Koop personally opposed homosexuality and believed sex should be saved for marriage. Yet, he never let his conservative principles guide him in the Reagan administration, even though he was appointed exclusively for his strong pro-life stances. He kept his conservative convictions a private matter. The outspoken conservative of the 1970s disappeared in his private life and never appeared in the public life of the Reagan administration.
At least, Koop could have applied to the AIDS and homosexual issues the same principles he rightly applied to the smoking issue. But he never did it. He was defeated by the left-wing pressures on him.
So the greatest victory ever to the homosexual movement, granting it the privilege to use the AIDS issue as a propaganda machine to make gay groups wealthy, did not come from a left-wing leader in a left-wing administration. It came from a devout, conservative pro-life Presbyterian in the conservative Reagan administration. It came from a pro-life leader who had been directly supervised by Francis Schaeffer (1912-1984), the famous Presbyterian theologian.

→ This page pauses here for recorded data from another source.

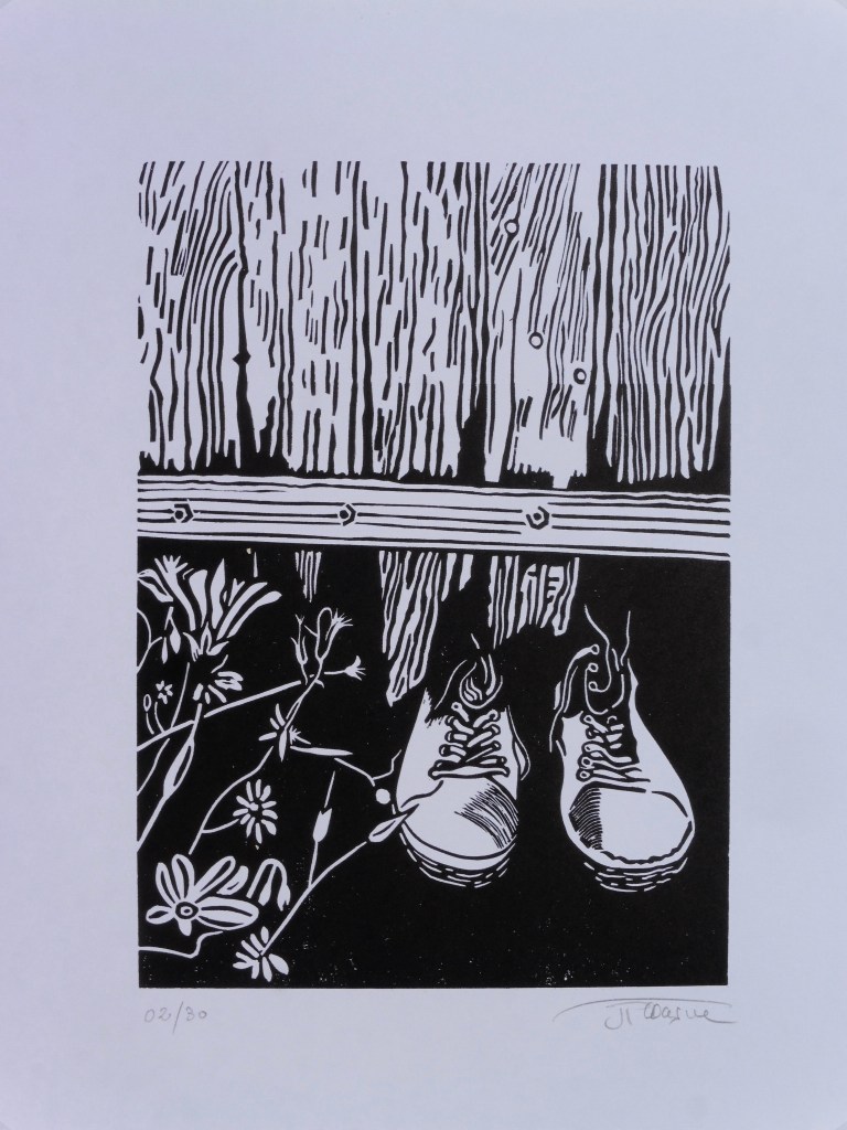 Le thème du prochain « atelier » à l’atelier est : les chaussures, souliers, godasses, grolles, tatanes, pompes … alors j’ai réalisé ma propre gravure :
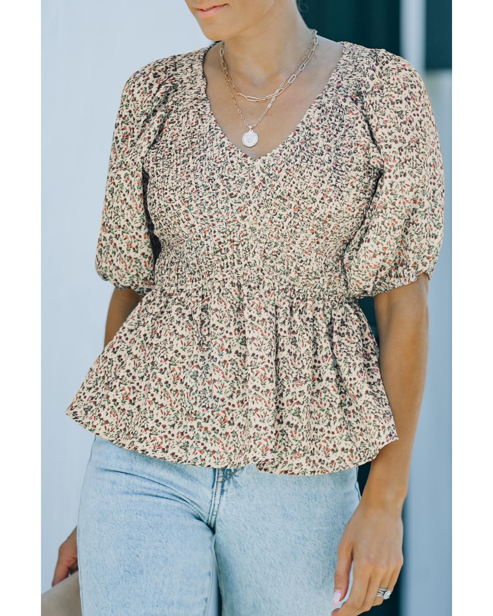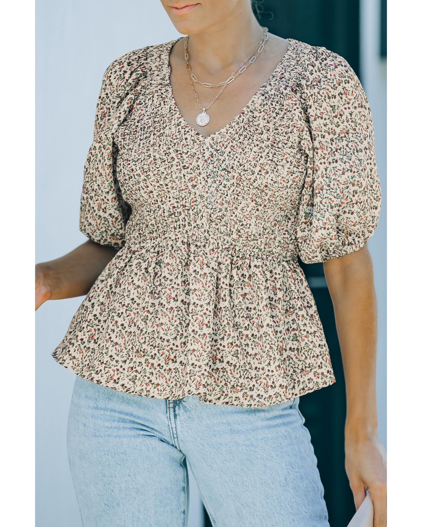 - Stylish and feminine Floral Print Puff Sleeve Smocked Top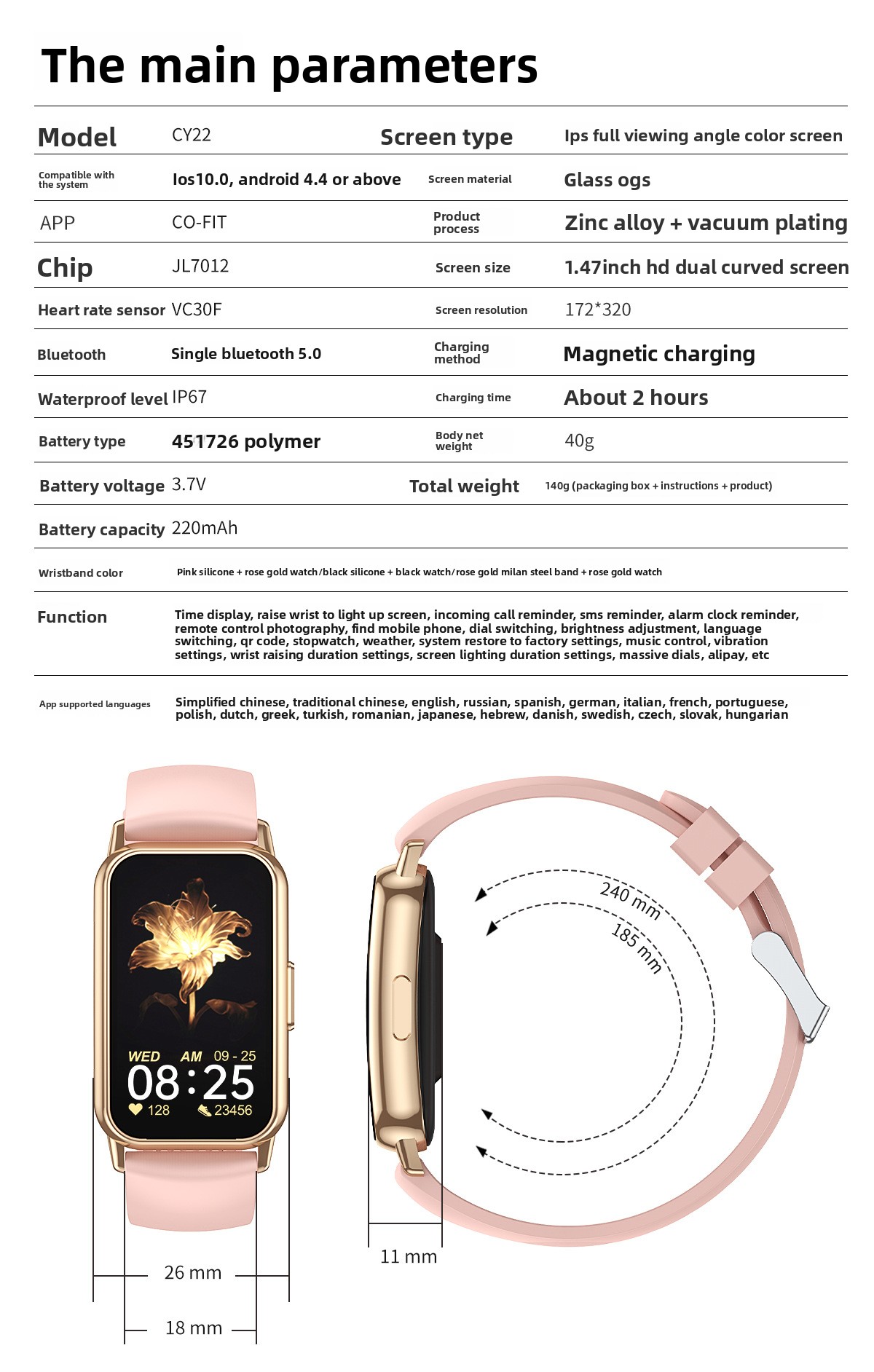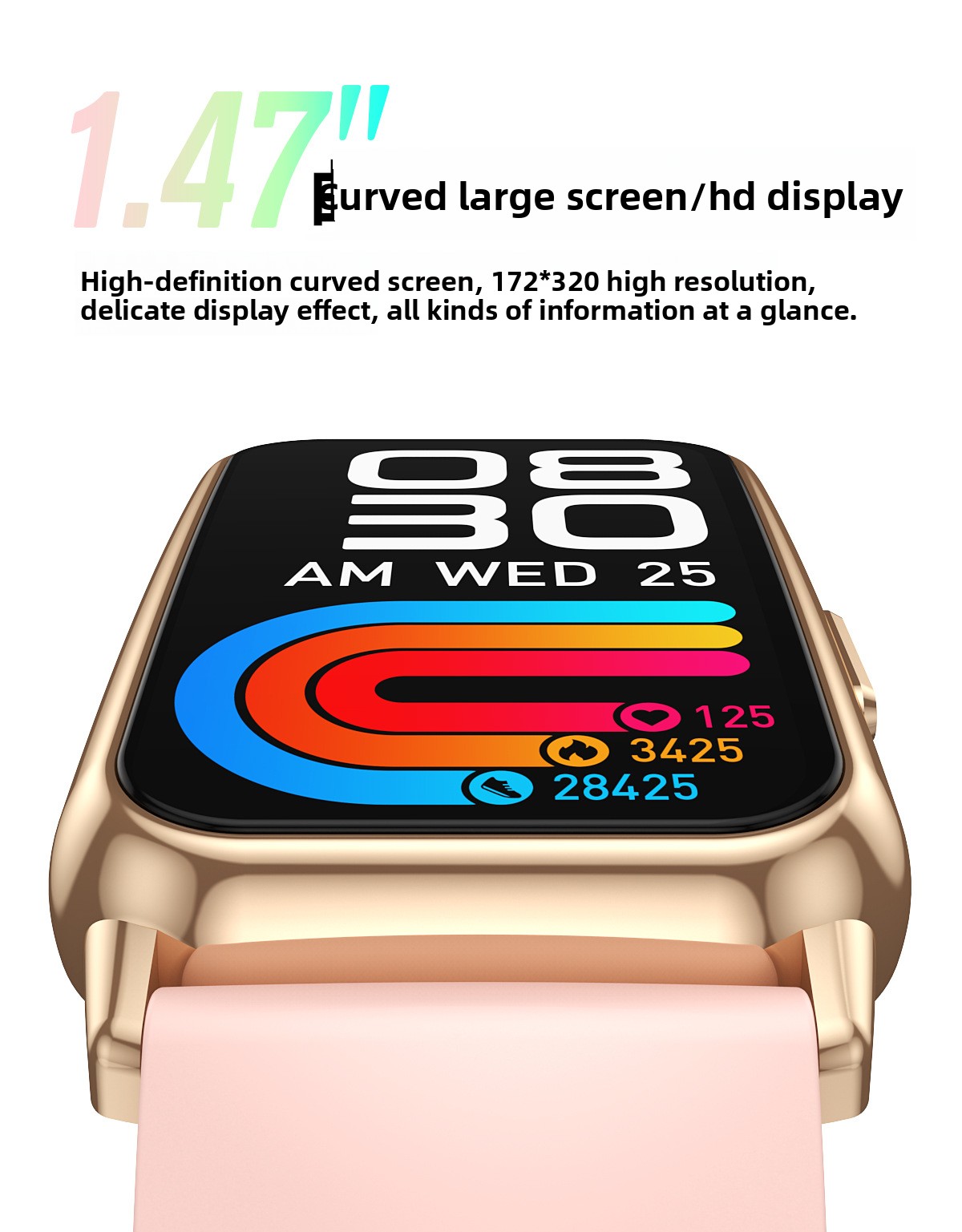 Functions: Step counting, blood pressure measurement, blood oxygen detection, remote selfie, social entertainment

Koop in a government post is also a lesson for pro-lifers and Christians. There are people fighting for pro-life and Christian values just for opportunism. You cannot see their hearts, but if given a government post, they will have no problem to let their hearts show their real motivation.
The massive pro-life propaganda of Koop, in books and movies, in the 1970s brought him massive fame, especially because he was with Schaeffer. This propaganda was instrumental for Reagan to appoint him. Yet, Koop disappointed Reagan and conservative Christians in the abortion and homosexual issues.
The Koop case was a moral tragedy in the Reagan administration and in the pro-life movement. He could have used his principles — which he used successfully against smoking — against abortion, AIDS and homosexuality, but he never did it.
If smoking is harmful, what is abortion? What is sodomy? What is AIDS? Actually, it made no sense to condemn smoking and exempt abortion and sodomy.
Koop was appointed by Reagan to show his conservative stances, but he chose to hide them, for fear of left-wing journalists and homosexualists.
Because of Koop, the most conservative Republican administration in the modern U.S. history displeased conservatives and pleased left-wingers as far as abortion, AIDS and homosexuality are concerned. It is not what you expect when a conservative administration appoints a conservative pro-life evangelical champion, but it is what you get when the convictions of the conservative champion get heavily tested through too much power in a government post.
With information from The Daily Beast, Associated Press, ABC News, CNN, New York Times, Reuters and Banner of Truth.